The simulation generates output files under the output/<TRACE>/<PROTOCOL>/top_<HH_PERCENTAGE>_pct/fse/<STAT_FOLDER> folders. particular:

  • fm: flows left in the Flow Manager at the end of the simulation
  • fm_evicted: flows evicted from the flow manager
  • gt: flow size ground truth for all flows
  • cms: flows added to the CMS (Mice Tracker) and their size estimation
  • ht: flows added to the Elephant Tracker and their size
  • simulation_configuration: a dump of the simulation parameters (e.g., pcap file, model file, component sizes, etc.)
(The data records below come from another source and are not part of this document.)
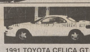
1991 TOYOTA CELICA GT

A/C, Pwr. Pkg., Tilt, Cassette $9998 or 271. 56 Per Mo. 998 Down & Tax, Tag, Financing, 9,000 42 Mos. 13.5 APR
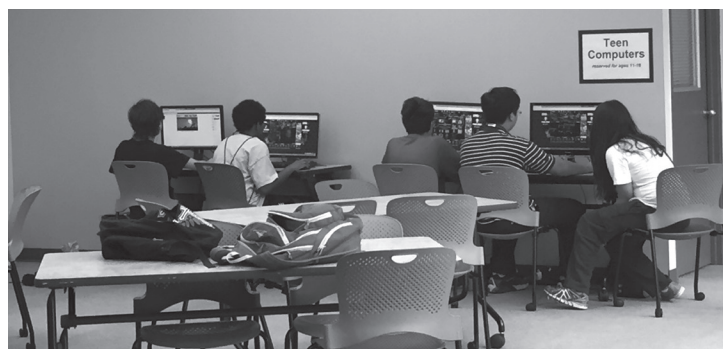
Teens at BMPL enjoying their new computers in their new space!

This space offers a distinct area for teens, dedicating one room on the main floor specifically for this age group. This space replaces the small space on the second floor. The first floor location is more accessible and inviting to the teens, has up-to-date technology equipment, and services and programs to encourage them to utilize the space. BMPL has a Teen Advisory Board which is working with staff to ensure that area teens know it's there and to create new programs to engage our teens.
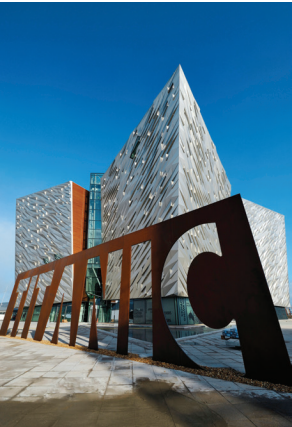
Titanic Museum, optional extension

Day 11: Kilkenny Today is devoted to Kilkenny, a well-preserved medieval city known as Ireland’s cultural capital – and the country’s smallest city. We tour 12 th -century Kilkenny Castle, considered one of the country’s most beautiful, then embark on an informal walking
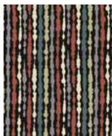
7706-K ¾ yd
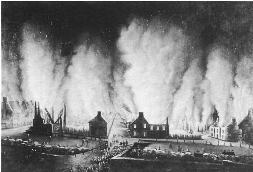
PICTURE 5: Joseph Légaré. L'incendie du quartier Saint-Jean vu vers l'ouest . (Art Gallery of Toronto.)

tent. 10 There also appears to be political meaning in some of his city painting.
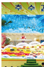
2011 Thanksgiving Sunday
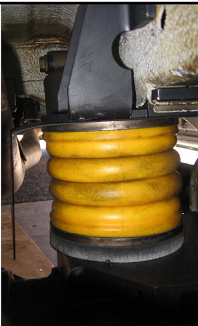
Passenger's side loaded
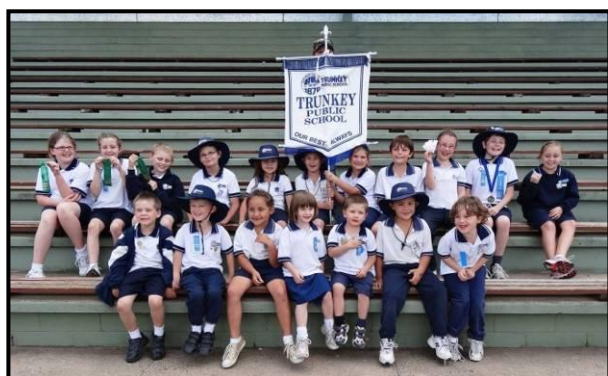
TPS students displaying their ribbons at the conclusion of the Athletics Carnival
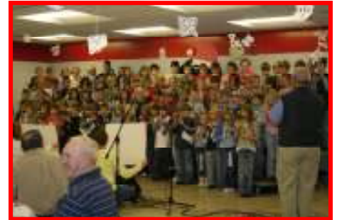
TCN 4th Graders
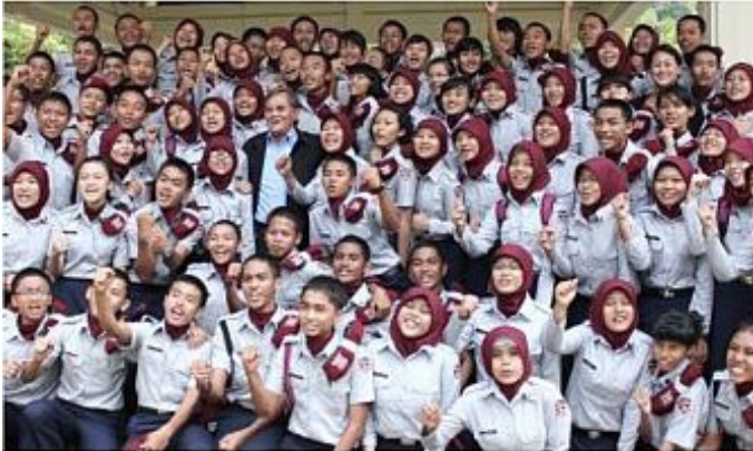
Sampoerna Sponsored Students - "The Brightest of the Poorest"

Education provides opportunity for children to reach their dreams. Unfortunately every four minutes, one kid has to dropout because of poverty. Putera Sampoerna Foundation's initiatives give students a chance to be Indonesia's future leaders.
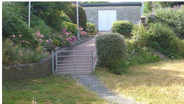
Blandford Forum Camera Club
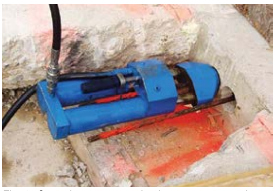
Fig. 9: Strands are stressed using a monostrand ram
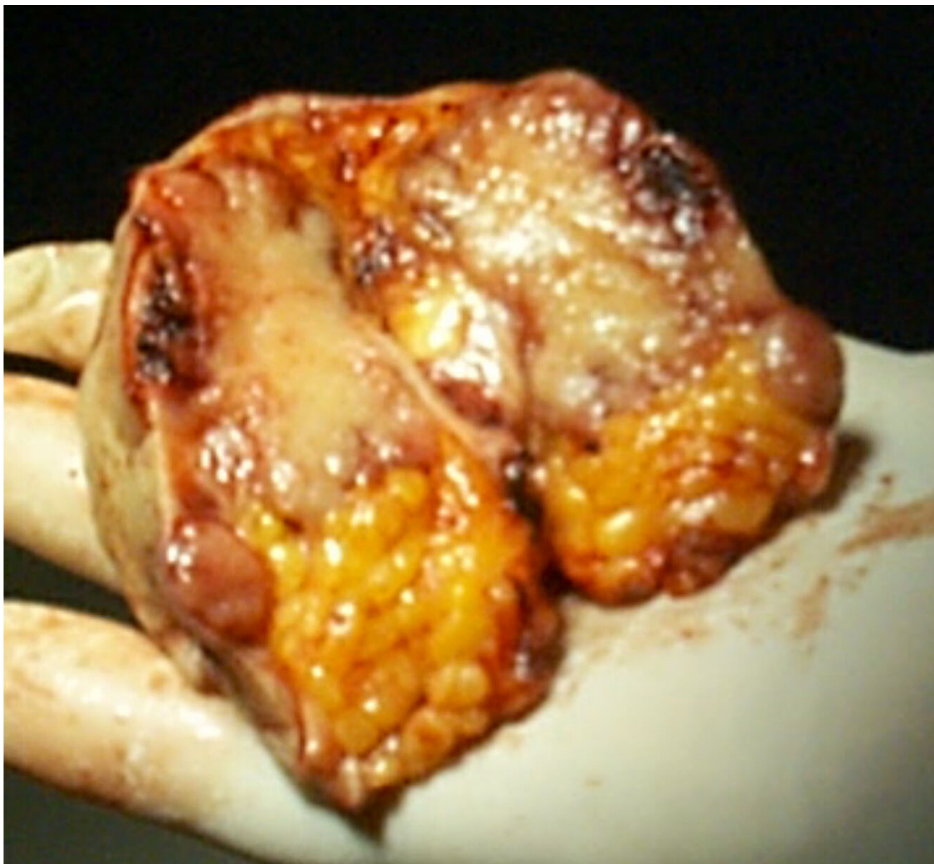
Figure 2 Intraoperative specimen of the umbilical region: Sister Mary Joseph's nodule and umbilicus.

further tumor extension and expansion, tacrolimus was reduced from 6 mg/day to 1.5 mg/day. In addition, chemotherapy with Taxol was initiated (50 mg/m 2 I.V) once a week for 16 weeks. To date, after 6 months of follow-up, the patient is doing well, the liver function is normal and tacrolimus serum level is 1 ng/ml. A recent whole body CT-scan showed regression of iliac and inguinal lymph nodes involvement.
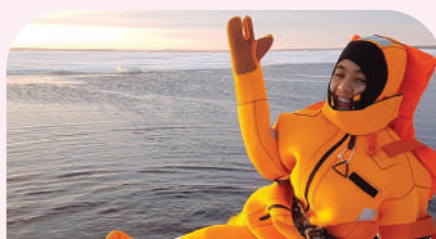
Ice floating experience
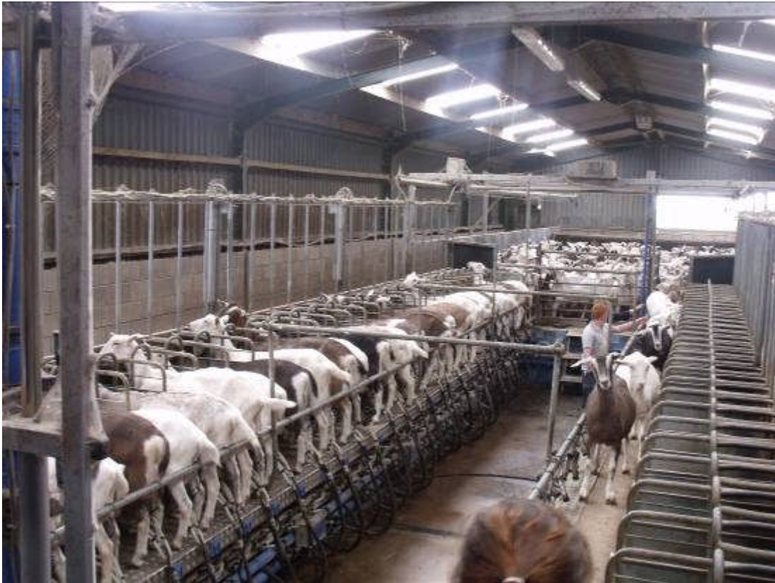
Figure 6. The goats coming into the parlour for milking.

An EID (Electronic Identification) system is also present and Phil says this was the best money ever spent. They always carry the 'handheld' with them and all information (deaths, treatments etc) is recorded instantly. All kids are tagged within 24 hours of birth before they are removed from their mother.
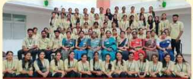
4TH YEAR B.Sc NURSING STUDENTS 11 TH BATCH (2019-2023)

In every <STAT_FOLDER>, the output files will be named identically based on the <MODEL_TYPE> (e.g., coda.csv for type onnx-pre-bins, which is our solution).
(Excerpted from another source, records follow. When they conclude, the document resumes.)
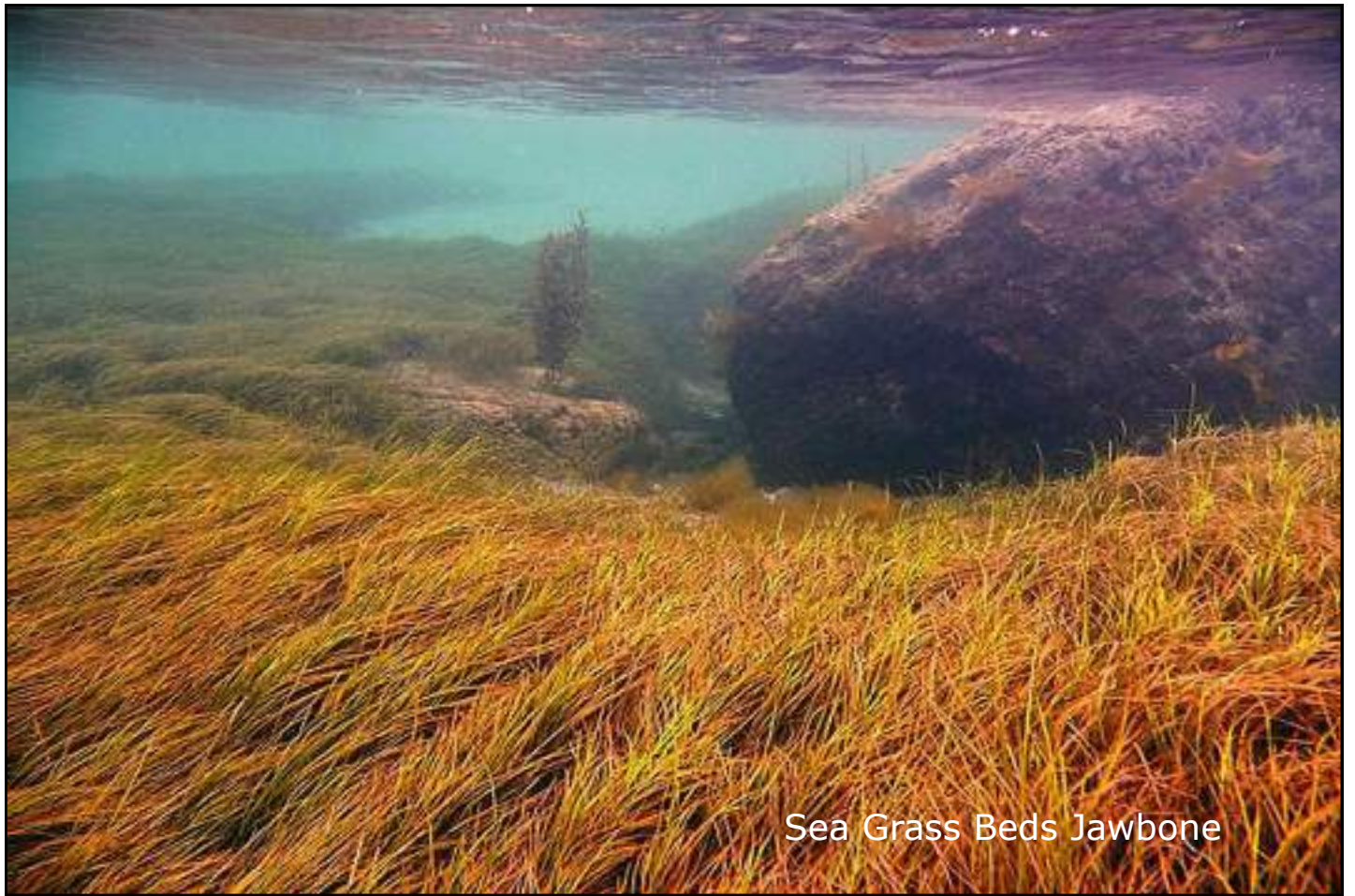
Sea Grass Beds Jawbone
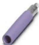
Female test connector, color: violet

Female test connector - PSBJ-URTK 6 VT - 3026421
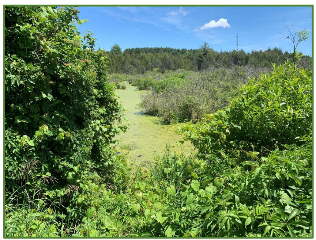
Photo 11: Assessed by Pedestrian Survey at 5m Intervals Facing South
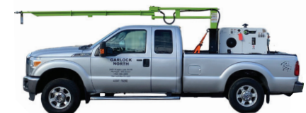
X2 Carry On Air Compressor
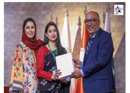
DHA Suffa University

Same applies for the IAT use case, using ./simulations/run_simulation_iat.py instead (ddsketch stats are given in place of cms and ht).

Error

After running the simulation:

$ python ./simulations/error_fse.py --trace=<PCAP_FILE> --perc=<HH_PERCENTAGE> --memory=<FSE_MEMORY> --packet_limit=<FLOW_MANAGER_PACKET_LIMIT> --model=<OUTPUT_FILE_NAME>
  • PCAP_FILE: network trace file in pcap format
  • HH_PERCENTAGE: percentage of flows we send to the Elephant Tracker
  • FSE_MEMORY: base memory dedicated to the use case structures, currently hardcoded to 1.0MB
  • FLOW_MANAGER_PACKET_LIMIT: matches the one passed to the main executable, currently always 5 if run through the python wrapper
  • OUTPUT_FILE_NAME: this has to match the model suffix used to name output files concerning the simulation (see above)
  • [OPTIONAL] --tcp_only: ignore non-tcp traffic

This generates a file with the same name as the previous outputs (OUTPUT_FILE_NAME) under the error folder. For the FSE use case, it computes the Average Weighted Absolute Estimation error (AWAE), while for IAT (python/error_fse.py), the script computes the Mean Relative Error on the 50th, 75th, 90th, 95th and 99th quantiles.